The Maker The Charles Causley Literary Blog
Mid October diary by Sue Wallace-Shaddad
My blog earlier in October focused on coastlines and place and ‘Unpacking a sense of place’ is the topic of a workshop I am running in Aldeburgh on 4th November for Poetry in Aldeburgh. I am also involved in organising Suffolk Poetry Society’s launch of its 70th anniversary anthology later that day (which will also be livestreamed) and will be reading some poems from the anthology along with other poets. So, at the moment I am very busy preparing for both of those events. Luke Wright, a patron of Suffolk Poetry Society, is doing a reading at the John Peel Centre, Stowmarket, on 22nd October. It should be a great night, billed as the Society’s Big Birthday Bash, open to the public and members.
I have just come back from a weekend in Cornwall and was very lucky with the weather. It is so relaxing to look out to sea and hear the waves. I was staying with family at St Agnes on the north coast and visited nearby beaches and several National Trust gardens. On the way back to Suffolk, I stopped in Launceston to have a look round. I walked down the narrow lane to Charles Causley’s house, ‘Cyprus Well’ and admired the view he would have had.

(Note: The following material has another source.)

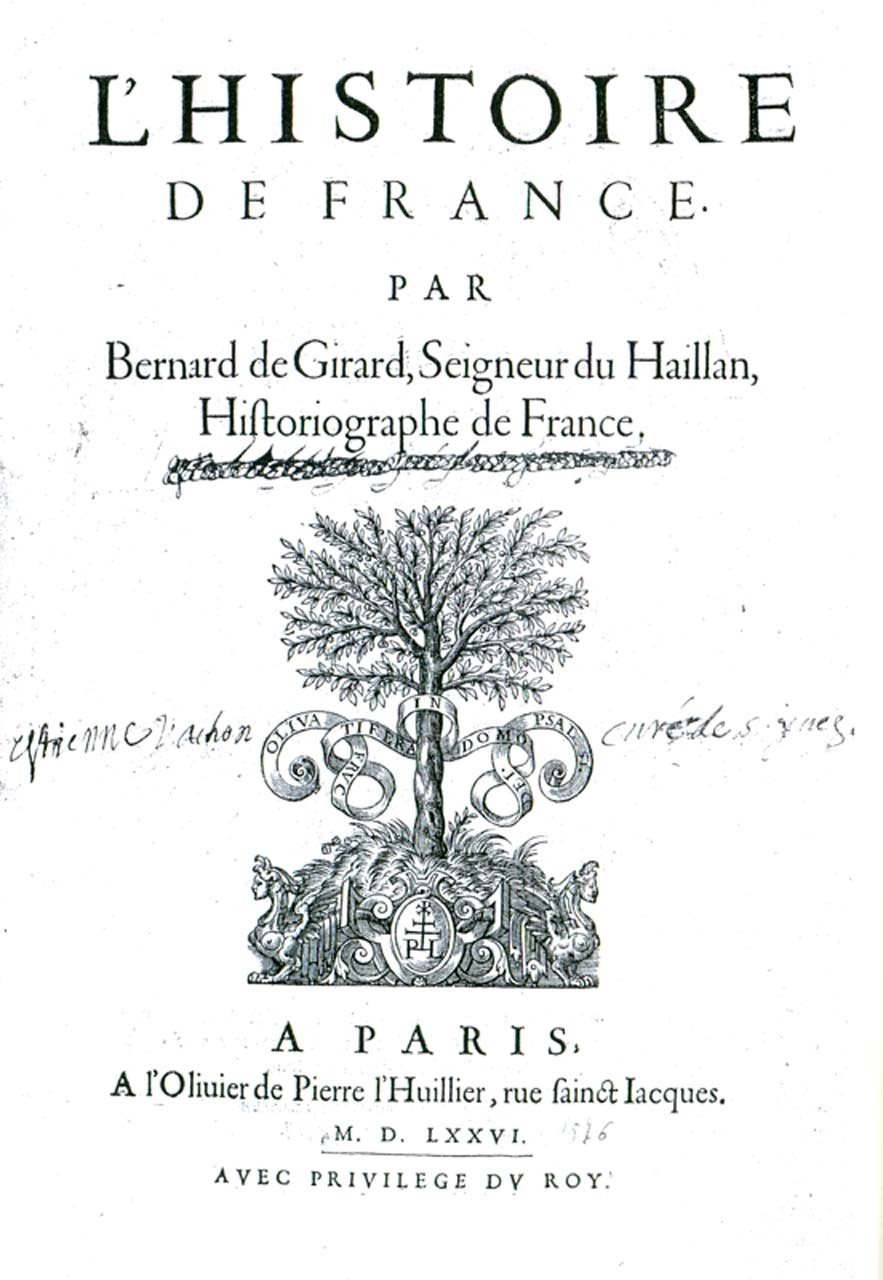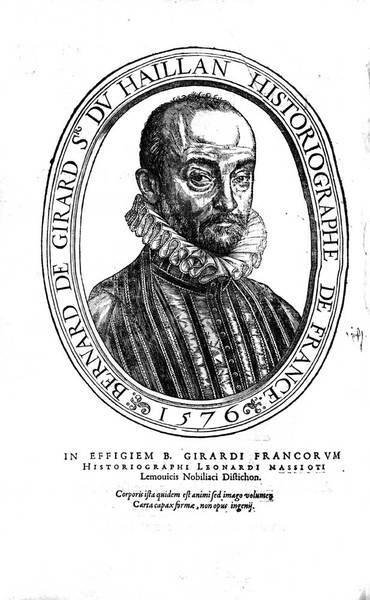 In-4 gr. (mm. 362x228), p. pergam. antica (restaur. per manc.), dorso a cordoni con titolo ms., 20 cc.nn., 1302 pp.num., 35 cc.nn., marca tipografica al frontesp. e al fine inc. su legno, ritratto dell'A. in medaglione (xilografato al verso del frontesp.), ornato da elaborate testat. e grandi iniziali a vignetta, pure inc. su legno. Storia dei 53 re di Francia da "Pharamond premier Roy des Francons, Francs, ou François, à Charles VII fils de Charles sixième". "Prima edizione", rara.<br>Cfr. Brunet,II,1612 - Adams,I,732 - Biographie Universelle,XIX,316: "L'ouvrage de Bernard de Girard, seigneur de Haillan (1535-1610) est remarquable en ce que c'est le premier corps d'histoire de France qui ait paru dans notre langue". Con uniformi arross. più o meno pesanti, fiorit. e lievi aloni margin.; frontesp. restaur. per fori di tarlo, ma complessivam. esemplare in buono stato di conservazione.
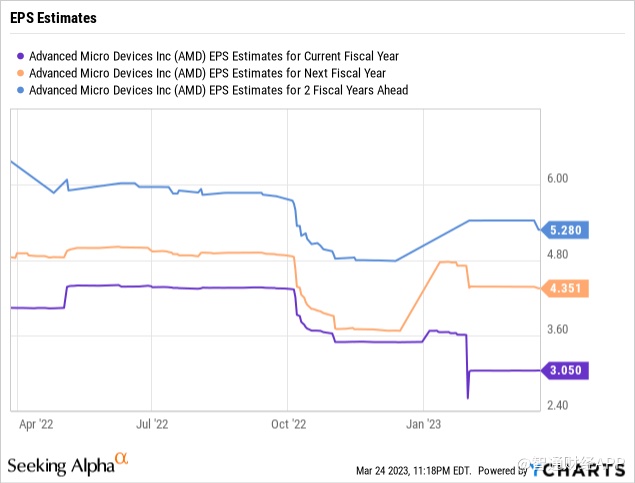 Stone Fox Capital之前的研究显示,AMD的营收只有320亿美元,但每股收益接近6美元。Stone Fox Capital预计,由于终端市场需求的反弹,以及AMD在服务器市场上从英特尔手中夺走更多的市场份额,这家芯片公司达到目标水平的时间比分析师的预测要早得多。

This week I went down to London to hear a reading by four poets at the Vagina Museum, not a museum I have visited before. I thought it would be a good chance to network as one of my pamphlet manuscripts is on the subject of hysterectomy, a topic I feel is not written about, unlike cancer. Joanna Ingham who organised the event, has written about treatment for an ovarian cyst (Ovarium, Emma Press, 2022).
One of the matters I am turning over in my mind is the need to use a more varied range of poetic forms so as to develop and show the mastery of technical skill. I tend to write free verse in regular stanzas, although I have also written specula (mirror poems), the odd sonnet, ghazal and villanelle. These poems do take me longer to write so I will have to set aside more time. I attended a thought-provoking session with Glyn Maxwell where we analysed different poems and challenged decisions about choices of form. The use of white space has also always been fascinating and I could be more adventurous. I enjoyed Zoom readings this week by Sarah Doyle and Sarah Wescott for the Cheltenham Poetry Festival, which included great examples of poems embracing white space.
I will end this diary with an extract from ‘At the Witchcraft Museum’, a new poem by Helen Ivory, who recently went on a research trip to Cornwall, including a visit to the museum in Bocastle:
Folk tarry round the poppets,
the pin-jabbed wax unfortunates –
receptacles for ill-wishing
who’ve carried grief inside
their tallow bodies
for perhaps a hundred years.
Helen’s next collection ‘How to Construct a Witch’ is due out with Bloodaxe Books in 2024.